"Now I have scare you!" said Nahnya remorsefully. "You think I mus' be bad, because others think I am so!"

"No," said Kitty, "it is my own ignorance that I am scared of. I don't know anything. I don't know what to say."

"Say not'ing!" cried Nahnya, bending a quick look of contrite affection on her. "Me, I talk too much! Always I want talk to some one who is like me, and I am near crazy with talk that I cannot speak. My people, they are good people, but they do not know me. My mot'er not know me. I am strange to her. She is scare of me. Always I think if I could be friends with a white woman, we could talk. And to-day the river bring you to me, so I think it is like magic. And my tongue, she shoot the rapids of talk! I am sorry I scare you!"

"You don't scare me a bit!" protested Kitty. "I like to have you talk to me. I'm talking to you, too. Tell me about the white man," she said shyly, "the one you liked."

Nahnya was startled. For an instant the old walled look darkened her face. "I not say I like any white man," she said quickly. "I not want any man."

Kitty hung her head a little. "That's what we say," she murmured with a burst of shy candour; "but how true is it?"

The dark fled out of Nahnya's face.
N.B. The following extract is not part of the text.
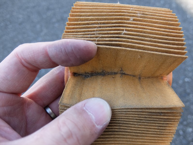 ヒダの奥には、このフィルターが頑張って働いた証が。今までご苦労さまでした!

She turned a pair of wondrously soft eyes on Kitty. "You are lonely up here!" she said. "I know what lonely is!"

Kitty's eyes grew large and bright with tears. She nodded. "I wanted a friend, too," she said very low. "Some one to talk to like you. The boys are good to me, but they treat me like a baby. I wanted a woman friend. I haven't talked to a woman in a year and a half."

Nahnya sprang to her knees, and unconsciously clasping her hands to her breast, leaned toward Kitty. "I will be your friend—always!" she said with trembling eagerness. "If you want me," she added with wistful humility.

Kitty's answer was to fling her arms around Nahnya's neck.